Directions for this task — A line below contains "特徴 ユニセックス, スリッポン, 紐なし, 軽量素材, クッション性", and a later one contains "nak update, Faezah". Repeat both, with every line between them, exactly.

Task material —
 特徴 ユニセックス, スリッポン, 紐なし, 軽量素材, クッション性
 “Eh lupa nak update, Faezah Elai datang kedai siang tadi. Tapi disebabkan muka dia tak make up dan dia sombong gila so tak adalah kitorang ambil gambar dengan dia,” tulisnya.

* * *

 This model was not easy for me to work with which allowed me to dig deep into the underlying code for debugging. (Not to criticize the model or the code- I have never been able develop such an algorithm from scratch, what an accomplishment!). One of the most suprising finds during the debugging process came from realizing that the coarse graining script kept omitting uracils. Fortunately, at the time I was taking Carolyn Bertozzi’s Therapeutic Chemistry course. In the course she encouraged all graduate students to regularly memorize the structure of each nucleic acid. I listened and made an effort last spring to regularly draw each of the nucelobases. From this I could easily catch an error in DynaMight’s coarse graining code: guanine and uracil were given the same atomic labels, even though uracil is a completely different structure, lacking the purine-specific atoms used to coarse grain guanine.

Response to this task —
 特徴 ユニセックス, スリッポン, 紐なし, 軽量素材, クッション性
 “Eh lupa nak update, Faezah Elai datang kedai siang tadi. Tapi disebabkan muka dia tak make up dan dia sombong gila so tak adalah kitorang ambil gambar dengan dia,” tulisnya.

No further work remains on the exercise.